Source records:
_ _ _ _ _ _ _
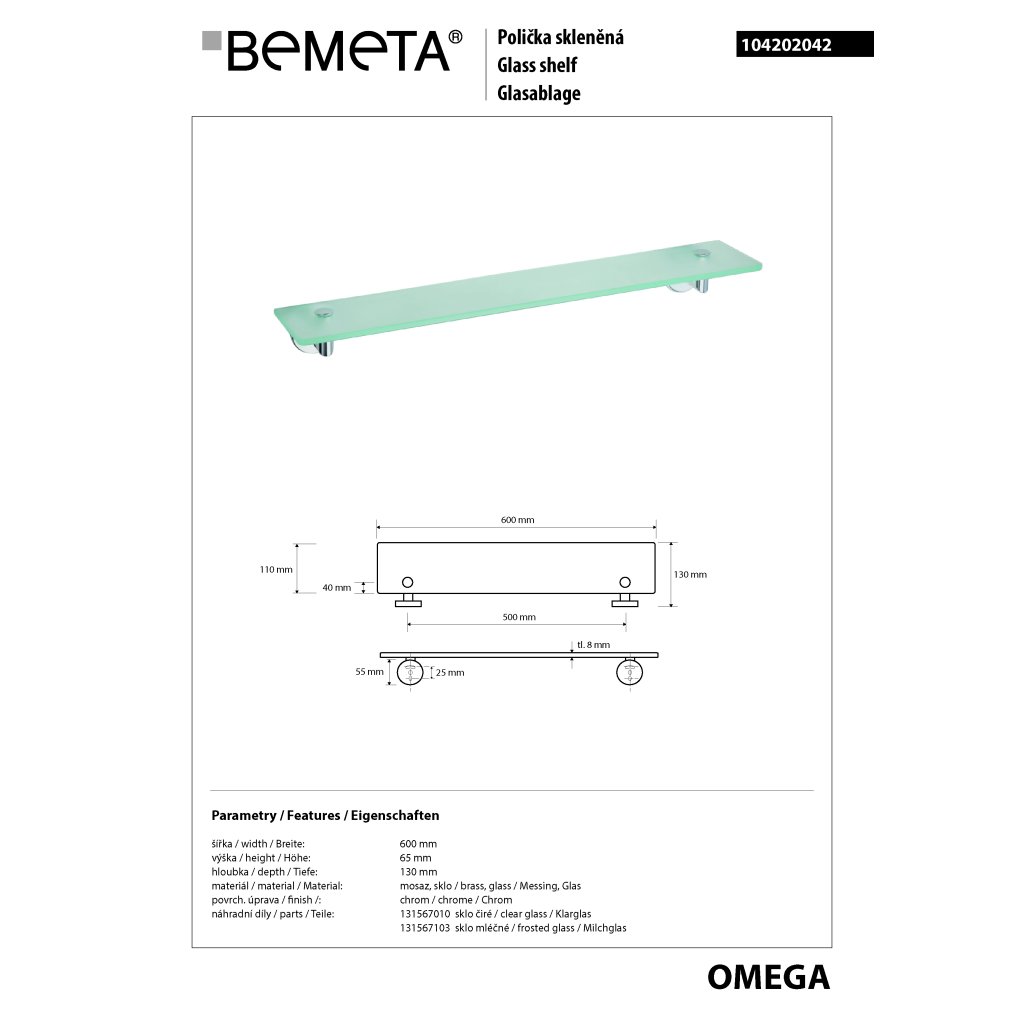 OMEGA: Polička skleněná, 600 mm - 104202042
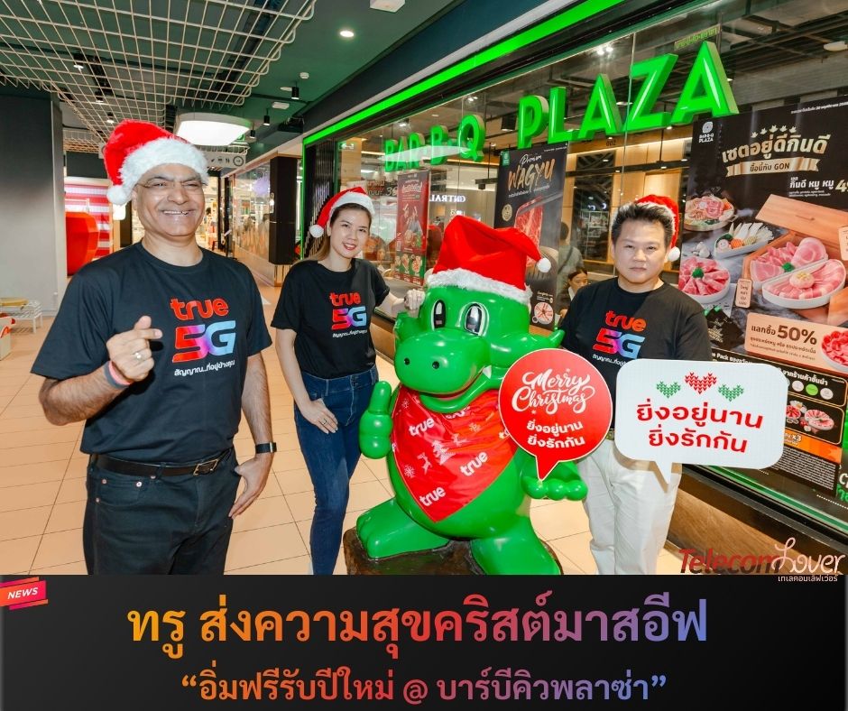 เพราะมื้ออาหารคือช่วงเวลาแห่งความสุขร่วมกัน… ทรู คอร์ปอเรชั่น เดินหน้าสร้างรอยยิ้ม และความประทับใจ เนรมิตบรรยากาศวันคริสต์มาสอีฟให้เต็มไปด้วยความสุขและเสียงหัวเราะ ในกิจกรรม “อัพสัญญาณความสุข อิ่มฟรีรับปีใหม่ @ บาร์บีคิวพลาซ่า” มอบของขวัญสุดพิเศษ “สุขด้วยกันวันคริสต์มาสอีฟ 24 ธันวาคม” ให้ลูกค้าคนสำคัญอิ่มอร่อยกับมื้อพิเศษที่ บาร์บีคิวพลาซ่า ฟรีพร้อมกันทั่วประเทศ เพื่อตอกย้ำความผูกพันผ่านมื้ออาหารที่คัดสรรมาแทนคำขอบคุณลูกค้าจากใจจริง สานต่อแคมเปญ “ยิ่งอยู่นาน ยิ่งรักกัน” พร้อมเซอร์ไพรส์จากทีมผู้บริหาร ทรู คอร์ปอเรชั่น นำโดย คุณชารัด เมห์โรทรา หัวหน้าคณะผู้บริหารด้านกลุ่มธุรกิจลูกค้าบุคคล, คุณโอลิเวอร์ กิตติพงษ์ วีระเตชะ หัวหน้าคณะผู้บริหารด้านแบรนด์และมีเดีย, คุณสรรค์พิจิตร เอี่ยมชีรางกูร หัวหน้าสายงานบริหารความสัมพันธ์และผสานสิทธิประโยชน์ลูกค้า ลงพื้นที่มาต้อนรับและขอบคุณลูกค้าคนสำคัญที่อยู่กับทรูด้วยกันมายาวนาน
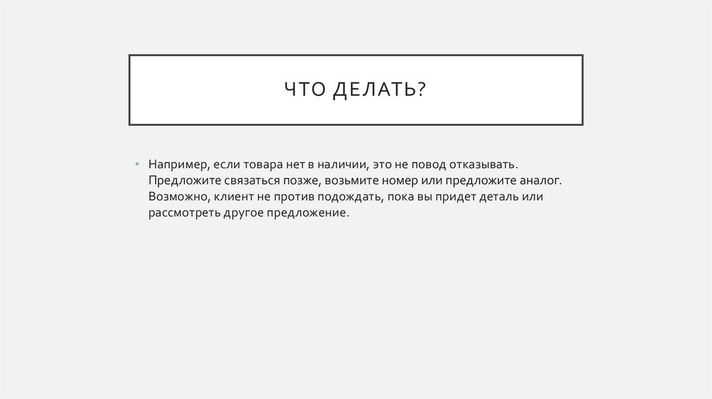 ЧТО ДЕЛАТЬ?• Например, если товара нет в наличии, это не повод отказывать.
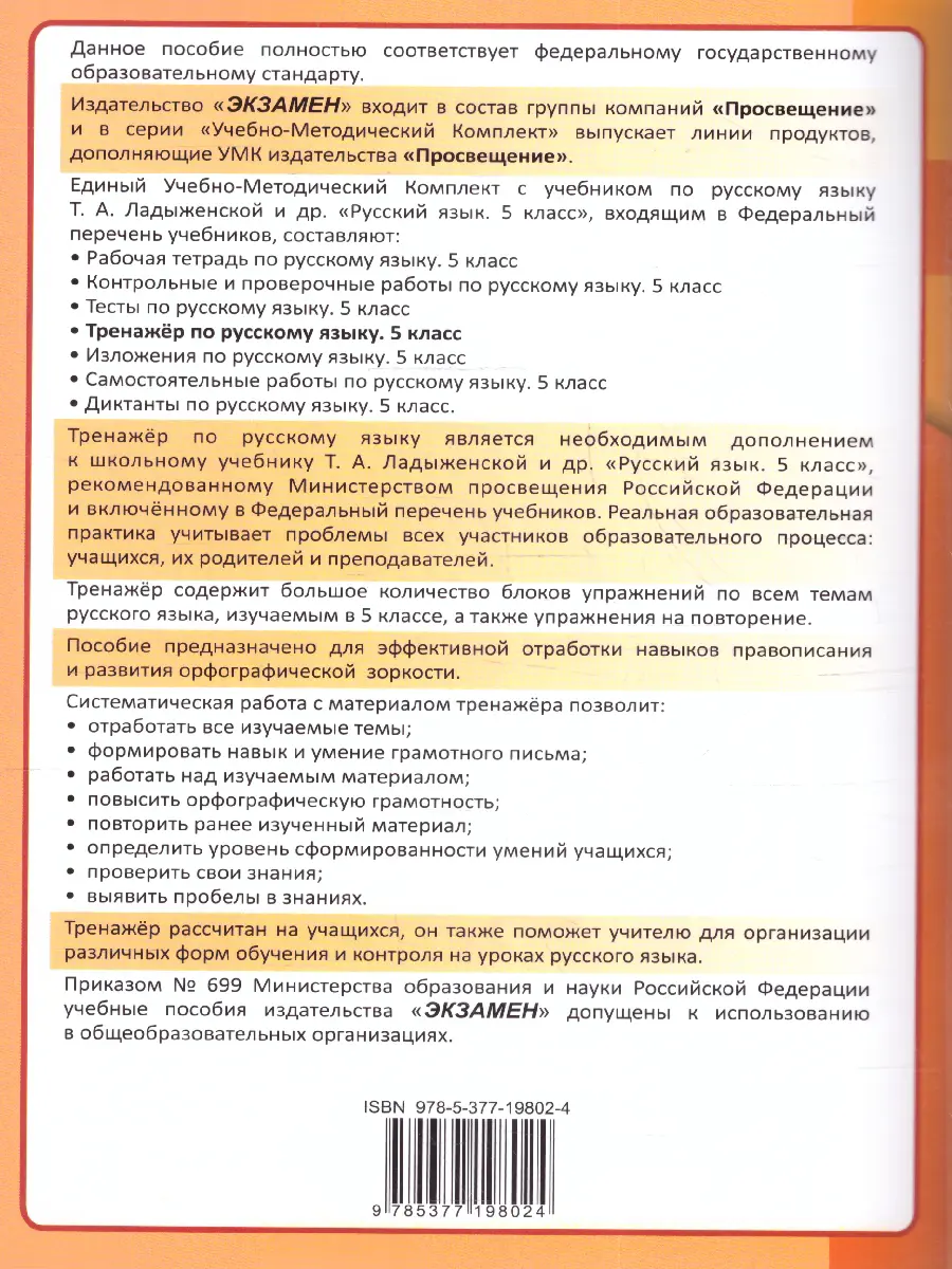 Данное пособие полностью соответствует федеральному государственному образовательному стандарту. Тренажёр содержит большое количество упражнений по всем темам, изучаемым в 5-м классе.
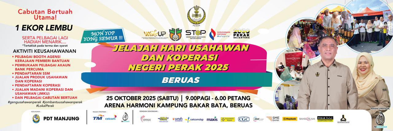 « All Program-program STeP Jelajah Hari Usahawan dan Koperasi Peringkat Negeri Perak 2025 – Beruas October 25, 2025 @ 9:00 am - 6:00 pm Arena Harmoni Arena Harmoni, Kampung Bakar Bata Beruas, Perak 32700 Malaysia + Google Map Add to calendar Google Calendar iCalendar Outlook 365 Outlook Live Program Jom KoPI - STeP x TEKUN […]
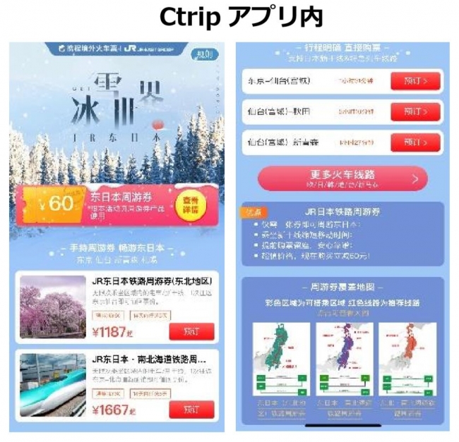 中国国内に3億人の会員を持つ「Ctrip」のアプリおよびウェブサイトと、JR東日本が中国市場向けに設定する冬のウェブサイトにて、スノーアクティビティを含む旅のコンテンツの情報を発信します。中国旅行市場向けに、日本の東北の魅力を伝えるとともに、JR東日本の鉄道パスなどの鉄道サービス購入を促進します。
_ _ _ _ _ _ _
- _What the task requires_:
With the images excluded, all entries are to be given again exactly.

- _Task response_:
 OMEGA: Polička skleněná, 600 mm - 104202042
 เพราะมื้ออาหารคือช่วงเวลาแห่งความสุขร่วมกัน… ทรู คอร์ปอเรชั่น เดินหน้าสร้างรอยยิ้ม และความประทับใจ เนรมิตบรรยากาศวันคริสต์มาสอีฟให้เต็มไปด้วยความสุขและเสียงหัวเราะ ในกิจกรรม “อัพสัญญาณความสุข อิ่มฟรีรับปีใหม่ @ บาร์บีคิวพลาซ่า” มอบของขวัญสุดพิเศษ “สุขด้วยกันวันคริสต์มาสอีฟ 24 ธันวาคม” ให้ลูกค้าคนสำคัญอิ่มอร่อยกับมื้อพิเศษที่ บาร์บีคิวพลาซ่า ฟรีพร้อมกันทั่วประเทศ เพื่อตอกย้ำความผูกพันผ่านมื้ออาหารที่คัดสรรมาแทนคำขอบคุณลูกค้าจากใจจริง สานต่อแคมเปญ “ยิ่งอยู่นาน ยิ่งรักกัน” พร้อมเซอร์ไพรส์จากทีมผู้บริหาร ทรู คอร์ปอเรชั่น นำโดย คุณชารัด เมห์โรทรา หัวหน้าคณะผู้บริหารด้านกลุ่มธุรกิจลูกค้าบุคคล, คุณโอลิเวอร์ กิตติพงษ์ วีระเตชะ หัวหน้าคณะผู้บริหารด้านแบรนด์และมีเดีย, คุณสรรค์พิจิตร เอี่ยมชีรางกูร หัวหน้าสายงานบริหารความสัมพันธ์และผสานสิทธิประโยชน์ลูกค้า ลงพื้นที่มาต้อนรับและขอบคุณลูกค้าคนสำคัญที่อยู่กับทรูด้วยกันมายาวนาน
 ЧТО ДЕЛАТЬ?• Например, если товара нет в наличии, это не повод отказывать.
 Данное пособие полностью соответствует федеральному государственному образовательному стандарту. Тренажёр содержит большое количество упражнений по всем темам, изучаемым в 5-м классе.
 « All Program-program STeP Jelajah Hari Usahawan dan Koperasi Peringkat Negeri Perak 2025 – Beruas October 25, 2025 @ 9:00 am - 6:00 pm Arena Harmoni Arena Harmoni, Kampung Bakar Bata Beruas, Perak 32700 Malaysia + Google Map Add to calendar Google Calendar iCalendar Outlook 365 Outlook Live Program Jom KoPI - STeP x TEKUN […]
 中国国内に3億人の会員を持つ「Ctrip」のアプリおよびウェブサイトと、JR東日本が中国市場向けに設定する冬のウェブサイトにて、スノーアクティビティを含む旅のコンテンツの情報を発信します。中国旅行市場向けに、日本の東北の魅力を伝えるとともに、JR東日本の鉄道パスなどの鉄道サービス購入を促進します。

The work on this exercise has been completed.